AWS reINVENT 2018

Top 10 Key Takeaways From AWS re:INVENT 2018

AWS re:Invent 2018, Amazon’s annual conference was held in Las Vegas this year. It saw a participation of over 40,000 which makes it easily the biggest Cloud event in the world. As expected, AWS introduced plethora of new services and also added new functionalities into existing services. While it continues to set new trends in cloud services, it is interesting to see AWS expanding its boundaries.

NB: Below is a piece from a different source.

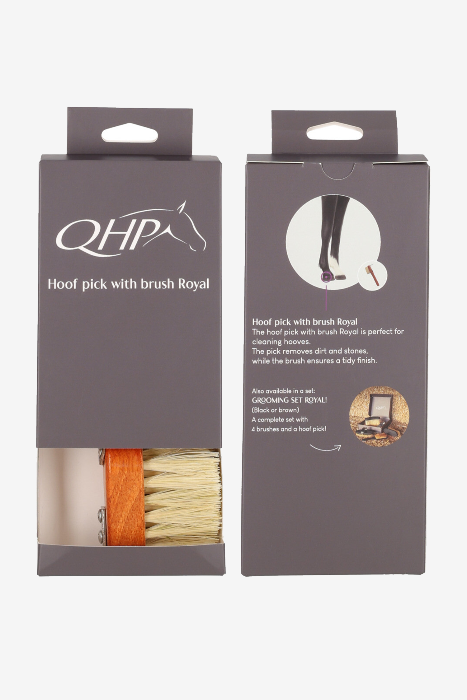 Den integrerade borsten gör det möjligt att borsta rent hoven noggrant efter att du har kratsat, vilket ger en ren och välskött hov. Den stabila konstruktionen och handtaget i trä ger ett bekvämt grepp och gör hovkratsen enkel att använda i den dagliga hästvården.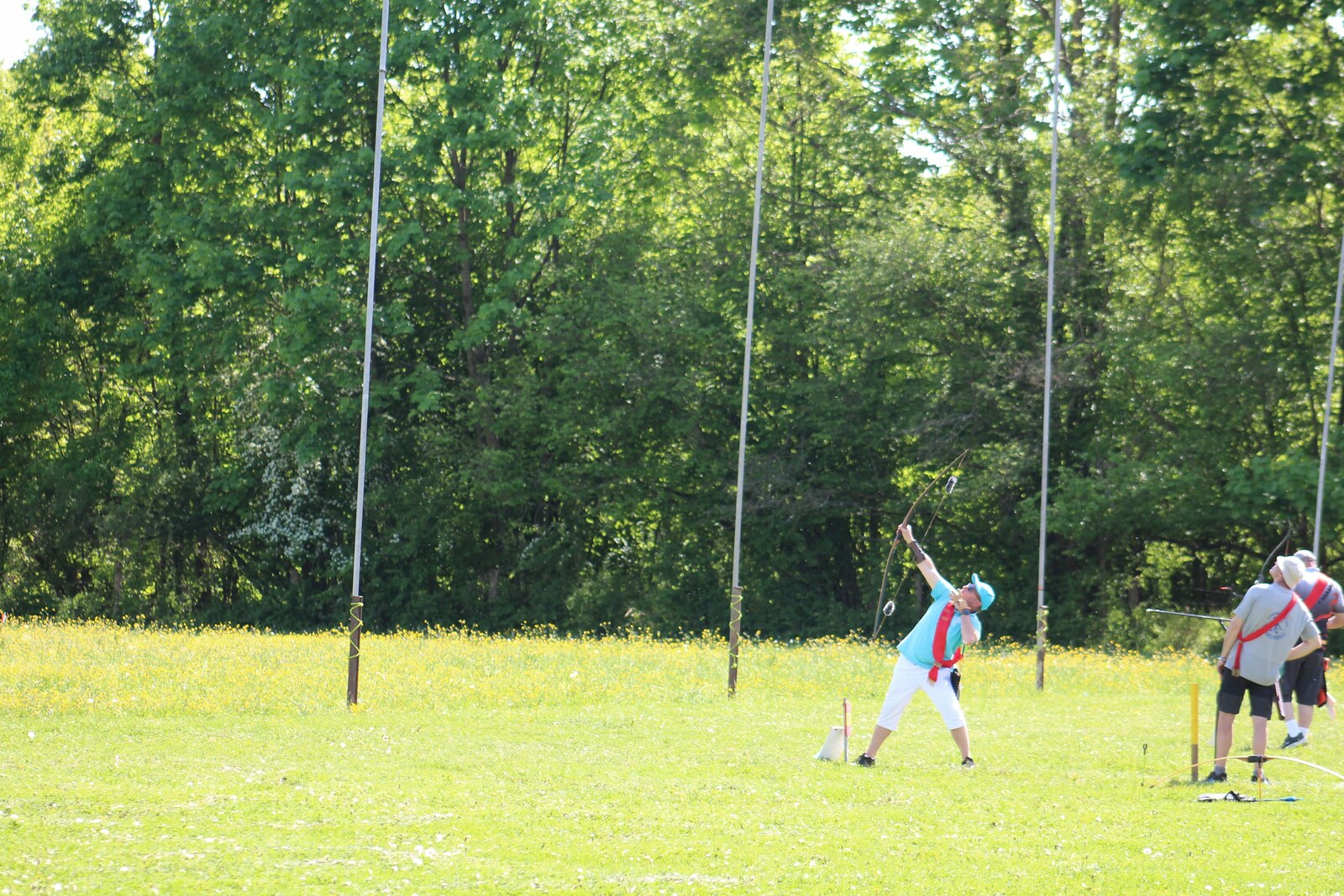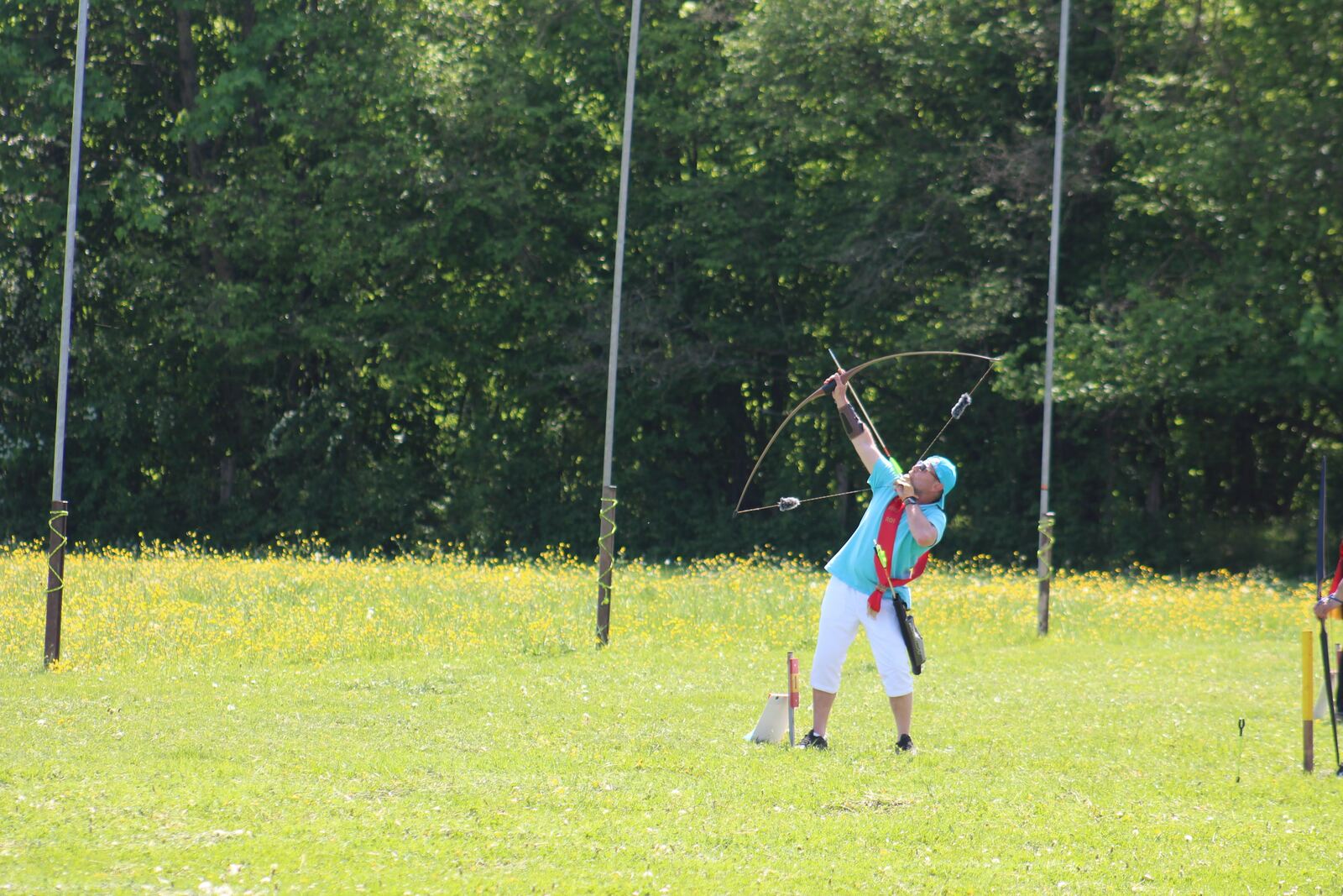 C'est sous un soleil de plomb et une température estivale, que notre Roy a commencé le tir en arc droit, de belles flèches proches de l'oiseau mais ce dernier narguera notre Roy toute l'après-midi.

Here are our Top 10 key takeaways from AWS re:Invent 2018

 

  1. AWS announces thirteen new Machine Learning services and capabilities. It has already launched more than 200 significant machine learning capabilities in last 1 year. This showcases the focus of AWS in building an intelligent cloud
  2. Storage is an important decision-making criterion for most Enterprises when they consider embarking on cloud journey. Amazon continues to focus on Storage category by releasing 8 new services and capabilities. This further extends its huge lead over competition
  3. AWS invests in Edge computing and IOT areas. It introduced four new capabilities in this space to make it easier to build strong IOT applications
  4. AWS continues its trend of offering commercial services based on popular open source software. It announced the launch of
    • AWS App Mesh to monitor and control microservices running on AWS. App Mesh uses Envoy, an open source edge and service proxy
    • Amazon Managed Blockchain to create and manage scalable Blockchain networks. It uses, Hyperledger Fabric and Ethereum, two of the popular open source frameworks
    • Amazon Managed Streaming for Kafka (Amazon MSK), a fully managed service to process streaming data. It uses Apache Kafka, an open source distributed streaming platform
  5. AWS heard from its Enterprise customers that multi account management is an issue. Hence, introduced AWS Control Center, a new service to manage multiple accounts
  6. Released a free tool called, AWS Well-Architected Tool to review the state of your workloads and compare them with best practices
  7. Released AWS Security Hub, which gives a holistic view of high-priority security alerts and compliance status across AWS accounts from AWS Inspector, AWS GuardDuty, AWS Macie and even third-party tools
  8. AWS now believes in the Hybrid infrastructure model contrary to its original philosophy that everything has to be on Public cloud. AWS Outpost is its Private cloud equivalent to Azure Stack
  9. Amazon Relational Database Service (RDS) on VMware allows to deploy managed databases in on-premises VMware environments. With Outpost and RDS on-premise, AWS can potentially allow any of its services to run on-premise. This can be a potential threat for many of its partners and ISVs
  10. Here is the interesting news. AWS is testing waters beyond its usual boundaries. It introduced A1 Instances powered by AWS Graviton processor. AWS now offers 117 instance types! If AWS or someone else introduces a new service to recommend the optimal instance type for a workload, it will be an instant hit. Isn’t it?